╭─ Dataset excerpt

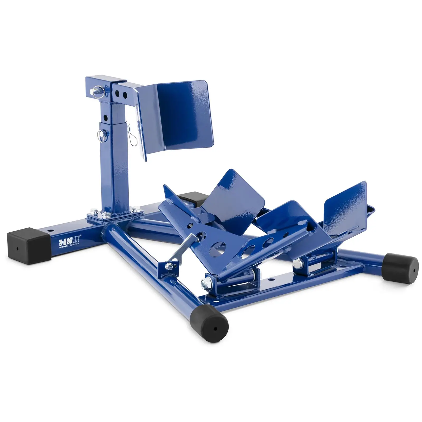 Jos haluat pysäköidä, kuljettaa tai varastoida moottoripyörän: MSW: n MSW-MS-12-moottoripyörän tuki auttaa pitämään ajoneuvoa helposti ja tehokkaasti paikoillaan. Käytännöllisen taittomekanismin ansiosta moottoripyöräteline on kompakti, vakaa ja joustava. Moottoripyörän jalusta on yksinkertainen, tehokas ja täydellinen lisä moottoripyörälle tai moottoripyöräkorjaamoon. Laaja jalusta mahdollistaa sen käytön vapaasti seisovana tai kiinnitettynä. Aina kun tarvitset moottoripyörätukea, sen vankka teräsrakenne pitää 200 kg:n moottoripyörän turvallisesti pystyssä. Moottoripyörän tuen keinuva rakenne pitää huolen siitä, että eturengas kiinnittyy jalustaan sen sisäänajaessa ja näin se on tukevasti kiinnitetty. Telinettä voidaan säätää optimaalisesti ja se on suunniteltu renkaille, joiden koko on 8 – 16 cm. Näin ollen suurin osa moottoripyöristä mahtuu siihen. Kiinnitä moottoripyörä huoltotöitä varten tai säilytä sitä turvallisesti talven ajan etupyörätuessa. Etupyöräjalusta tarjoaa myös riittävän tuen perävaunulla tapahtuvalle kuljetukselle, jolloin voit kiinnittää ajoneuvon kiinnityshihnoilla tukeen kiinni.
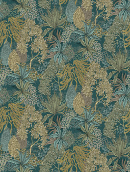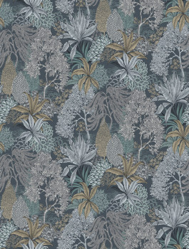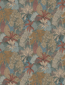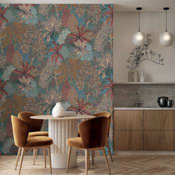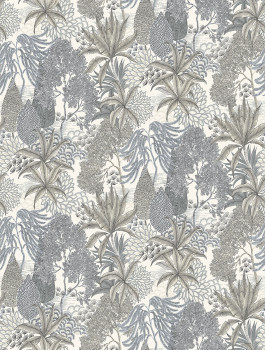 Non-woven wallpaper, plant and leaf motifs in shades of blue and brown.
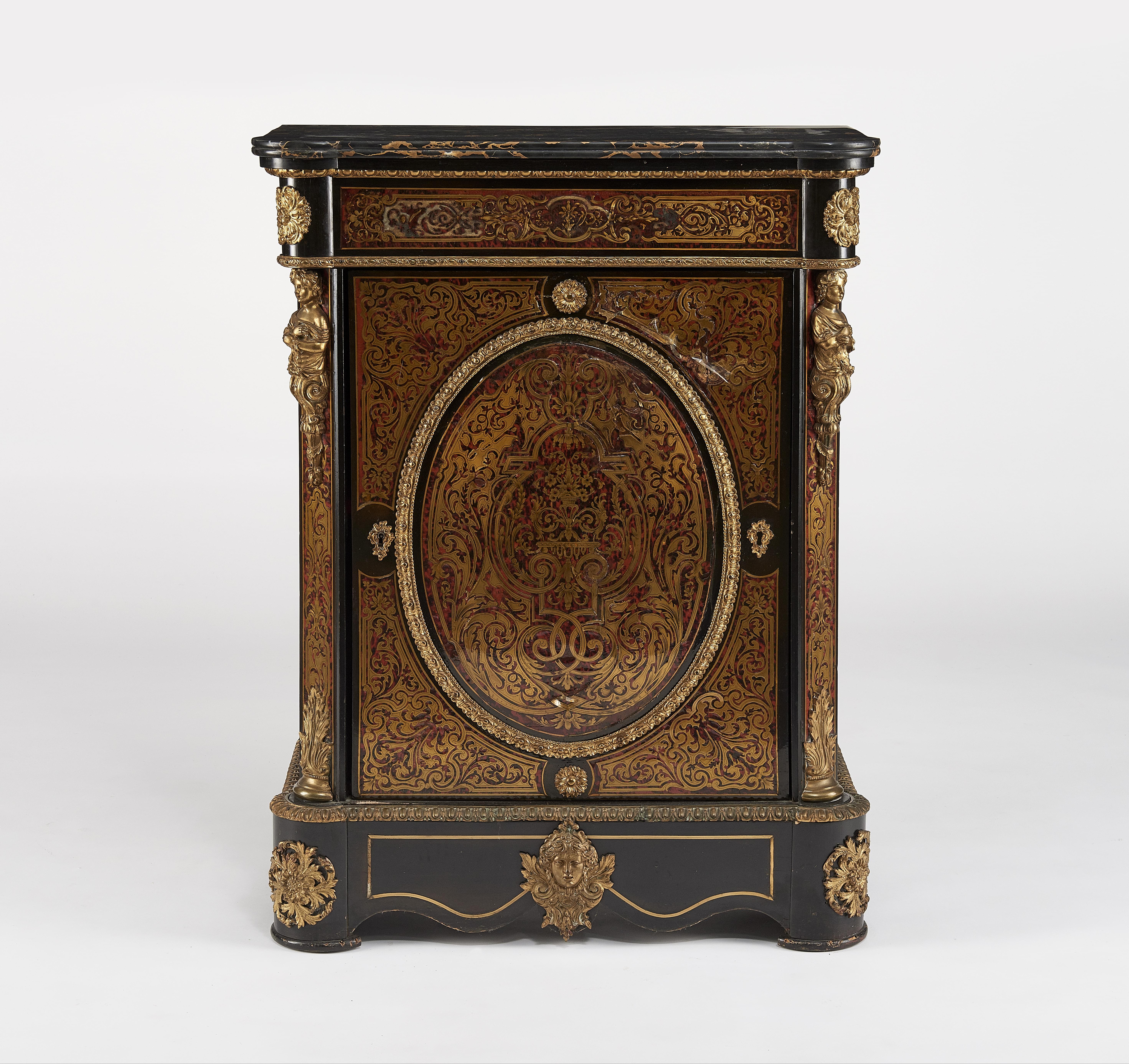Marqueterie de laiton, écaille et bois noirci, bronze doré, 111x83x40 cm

╰─

-- Task to complete --
A word-for-word copy of all the data is required, minus the pictures.

-- Solution to the problem --
 Jos haluat pysäköidä, kuljettaa tai varastoida moottoripyörän: MSW: n MSW-MS-12-moottoripyörän tuki auttaa pitämään ajoneuvoa helposti ja tehokkaasti paikoillaan. Käytännöllisen taittomekanismin ansiosta moottoripyöräteline on kompakti, vakaa ja joustava. Moottoripyörän jalusta on yksinkertainen, tehokas ja täydellinen lisä moottoripyörälle tai moottoripyöräkorjaamoon. Laaja jalusta mahdollistaa sen käytön vapaasti seisovana tai kiinnitettynä. Aina kun tarvitset moottoripyörätukea, sen vankka teräsrakenne pitää 200 kg:n moottoripyörän turvallisesti pystyssä. Moottoripyörän tuen keinuva rakenne pitää huolen siitä, että eturengas kiinnittyy jalustaan sen sisäänajaessa ja näin se on tukevasti kiinnitetty. Telinettä voidaan säätää optimaalisesti ja se on suunniteltu renkaille, joiden koko on 8 – 16 cm. Näin ollen suurin osa moottoripyöristä mahtuu siihen. Kiinnitä moottoripyörä huoltotöitä varten tai säilytä sitä turvallisesti talven ajan etupyörätuessa. Etupyöräjalusta tarjoaa myös riittävän tuen perävaunulla tapahtuvalle kuljetukselle, jolloin voit kiinnittää ajoneuvon kiinnityshihnoilla tukeen kiinni.
 Non-woven wallpaper, plant and leaf motifs in shades of blue and brown.
Marqueterie de laiton, écaille et bois noirci, bronze doré, 111x83x40 cm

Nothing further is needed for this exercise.